[Dataset excerpts]

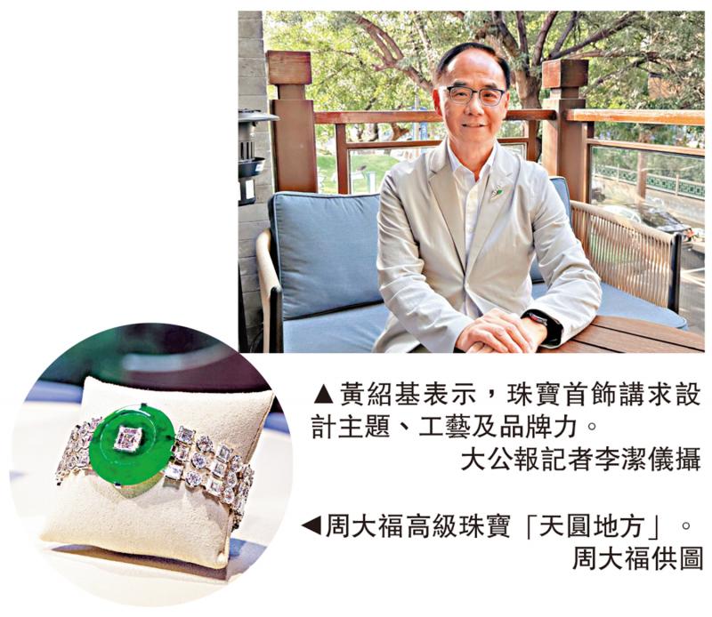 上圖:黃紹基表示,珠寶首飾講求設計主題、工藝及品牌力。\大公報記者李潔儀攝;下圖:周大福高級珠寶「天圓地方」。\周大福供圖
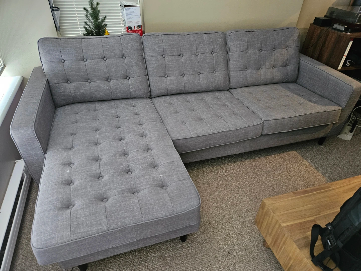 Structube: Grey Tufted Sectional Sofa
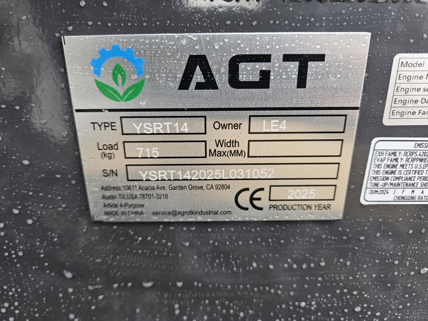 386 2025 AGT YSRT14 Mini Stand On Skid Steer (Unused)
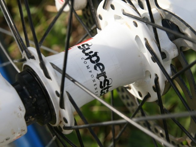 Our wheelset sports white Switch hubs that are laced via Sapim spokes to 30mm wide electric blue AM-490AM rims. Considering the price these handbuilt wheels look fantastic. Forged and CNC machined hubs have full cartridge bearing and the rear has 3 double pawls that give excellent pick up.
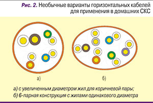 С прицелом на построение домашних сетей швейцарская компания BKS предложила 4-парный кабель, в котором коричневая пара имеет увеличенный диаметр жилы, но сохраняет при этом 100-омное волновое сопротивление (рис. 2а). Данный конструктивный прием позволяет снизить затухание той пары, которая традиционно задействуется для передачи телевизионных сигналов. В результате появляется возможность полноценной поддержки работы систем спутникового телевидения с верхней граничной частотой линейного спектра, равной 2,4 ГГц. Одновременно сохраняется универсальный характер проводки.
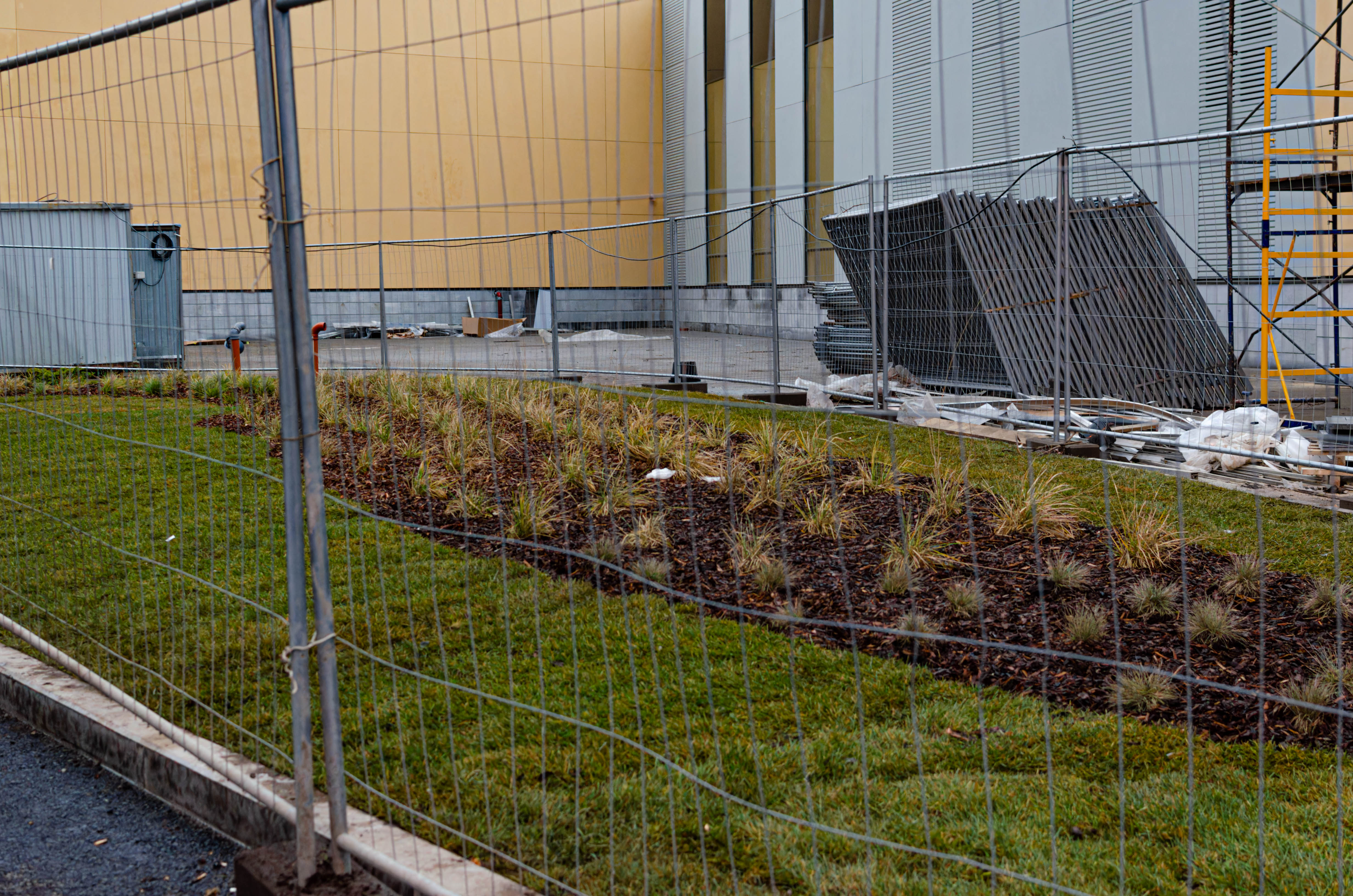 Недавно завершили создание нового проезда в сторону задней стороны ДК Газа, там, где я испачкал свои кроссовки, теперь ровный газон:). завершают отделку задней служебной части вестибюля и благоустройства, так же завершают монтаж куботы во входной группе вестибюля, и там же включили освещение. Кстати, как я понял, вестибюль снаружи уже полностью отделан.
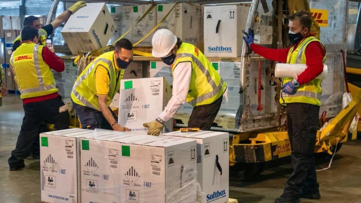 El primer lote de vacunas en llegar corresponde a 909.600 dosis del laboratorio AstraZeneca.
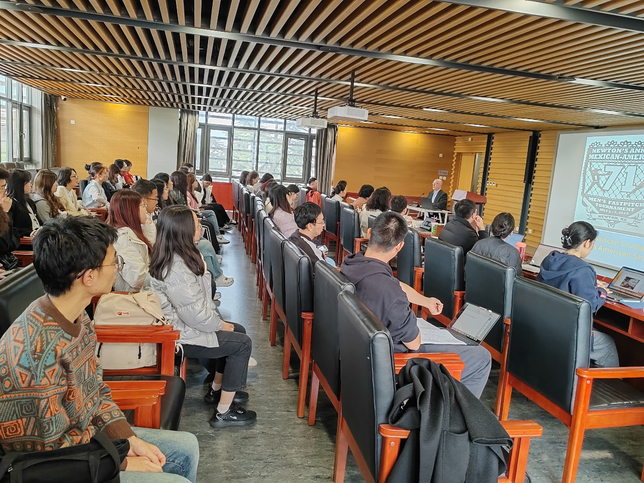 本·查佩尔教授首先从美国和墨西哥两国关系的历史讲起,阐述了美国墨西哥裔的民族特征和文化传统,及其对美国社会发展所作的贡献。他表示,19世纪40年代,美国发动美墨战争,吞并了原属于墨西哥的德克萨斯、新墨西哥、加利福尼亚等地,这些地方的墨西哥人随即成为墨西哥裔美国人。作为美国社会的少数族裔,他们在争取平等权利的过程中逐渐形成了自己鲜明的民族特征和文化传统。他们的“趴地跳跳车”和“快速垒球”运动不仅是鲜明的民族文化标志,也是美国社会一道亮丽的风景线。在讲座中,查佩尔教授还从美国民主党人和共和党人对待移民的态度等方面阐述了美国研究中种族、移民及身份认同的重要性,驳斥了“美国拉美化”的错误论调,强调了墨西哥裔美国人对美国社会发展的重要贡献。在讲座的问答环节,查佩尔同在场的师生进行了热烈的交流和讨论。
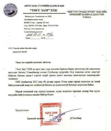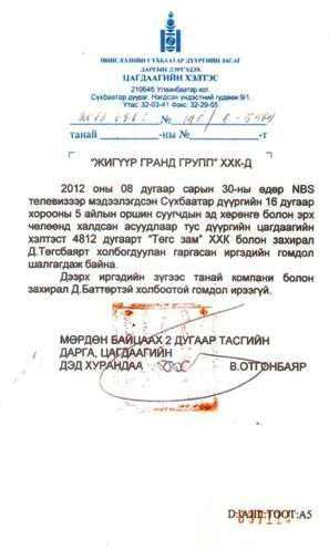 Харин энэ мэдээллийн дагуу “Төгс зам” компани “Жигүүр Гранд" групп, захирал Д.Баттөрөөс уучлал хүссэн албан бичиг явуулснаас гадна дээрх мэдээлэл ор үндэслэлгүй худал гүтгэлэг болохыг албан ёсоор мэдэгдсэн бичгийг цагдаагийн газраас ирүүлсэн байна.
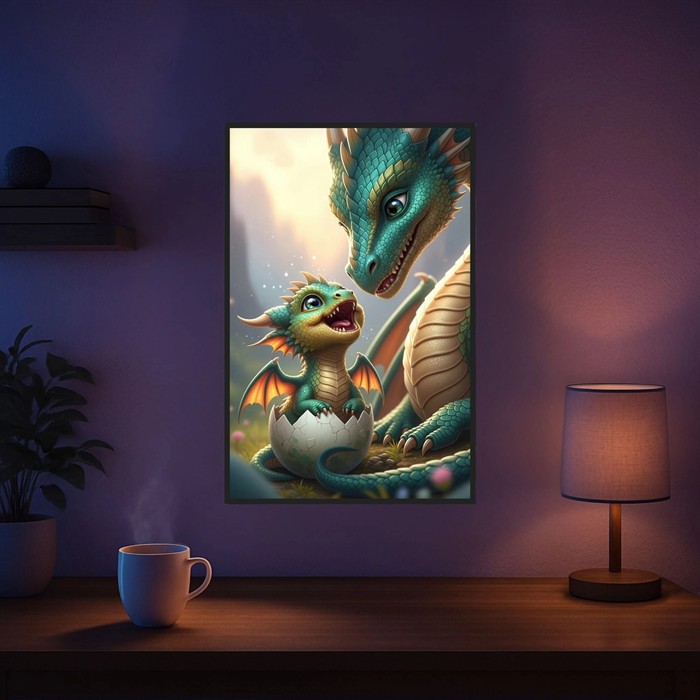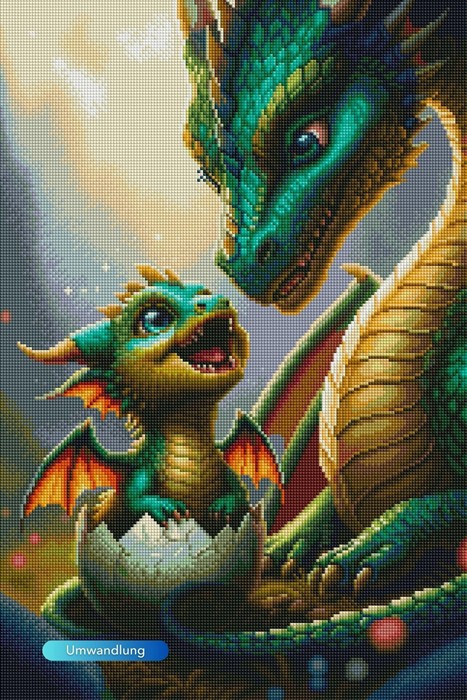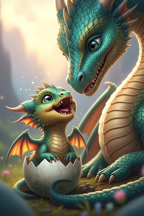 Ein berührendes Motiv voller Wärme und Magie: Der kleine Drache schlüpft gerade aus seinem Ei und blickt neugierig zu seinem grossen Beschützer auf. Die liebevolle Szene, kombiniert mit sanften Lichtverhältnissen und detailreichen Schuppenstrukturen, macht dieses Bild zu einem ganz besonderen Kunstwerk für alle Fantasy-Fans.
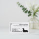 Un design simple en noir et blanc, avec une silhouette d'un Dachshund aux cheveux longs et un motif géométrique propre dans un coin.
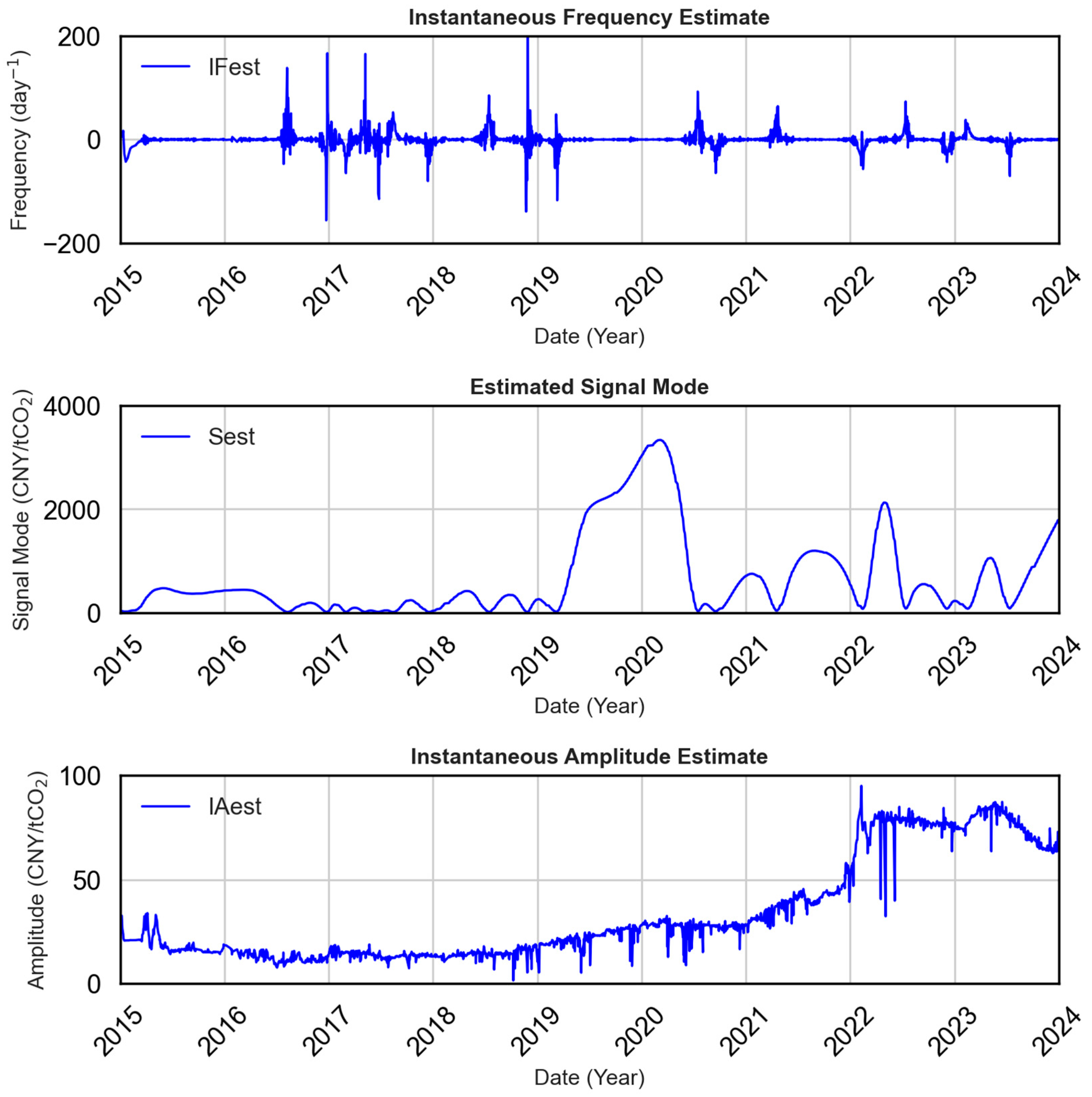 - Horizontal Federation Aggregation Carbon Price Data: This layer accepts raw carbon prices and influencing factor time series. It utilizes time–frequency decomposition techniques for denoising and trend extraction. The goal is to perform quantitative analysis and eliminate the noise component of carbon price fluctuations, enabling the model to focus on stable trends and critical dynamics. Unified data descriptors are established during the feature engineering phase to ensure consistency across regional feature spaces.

→ AIM OF THE TASK
Look above for the line with "Недавно завершили создание" and the line with "Харин энэ мэдээллийн", then copy exactly the lines from the first through the second, both kept, with no pictures.

→ OUTPUT OF THE EXERCISE
 Недавно завершили создание нового проезда в сторону задней стороны ДК Газа, там, где я испачкал свои кроссовки, теперь ровный газон:). завершают отделку задней служебной части вестибюля и благоустройства, так же завершают монтаж куботы во входной группе вестибюля, и там же включили освещение. Кстати, как я понял, вестибюль снаружи уже полностью отделан.
 El primer lote de vacunas en llegar corresponde a 909.600 dosis del laboratorio AstraZeneca.
 本·查佩尔教授首先从美国和墨西哥两国关系的历史讲起,阐述了美国墨西哥裔的民族特征和文化传统,及其对美国社会发展所作的贡献。他表示,19世纪40年代,美国发动美墨战争,吞并了原属于墨西哥的德克萨斯、新墨西哥、加利福尼亚等地,这些地方的墨西哥人随即成为墨西哥裔美国人。作为美国社会的少数族裔,他们在争取平等权利的过程中逐渐形成了自己鲜明的民族特征和文化传统。他们的“趴地跳跳车”和“快速垒球”运动不仅是鲜明的民族文化标志,也是美国社会一道亮丽的风景线。在讲座中,查佩尔教授还从美国民主党人和共和党人对待移民的态度等方面阐述了美国研究中种族、移民及身份认同的重要性,驳斥了“美国拉美化”的错误论调,强调了墨西哥裔美国人对美国社会发展的重要贡献。在讲座的问答环节,查佩尔同在场的师生进行了热烈的交流和讨论。
 Харин энэ мэдээллийн дагуу “Төгс зам” компани “Жигүүр Гранд" групп, захирал Д.Баттөрөөс уучлал хүссэн албан бичиг явуулснаас гадна дээрх мэдээлэл ор үндэслэлгүй худал гүтгэлэг болохыг албан ёсоор мэдэгдсэн бичгийг цагдаагийн газраас ирүүлсэн байна.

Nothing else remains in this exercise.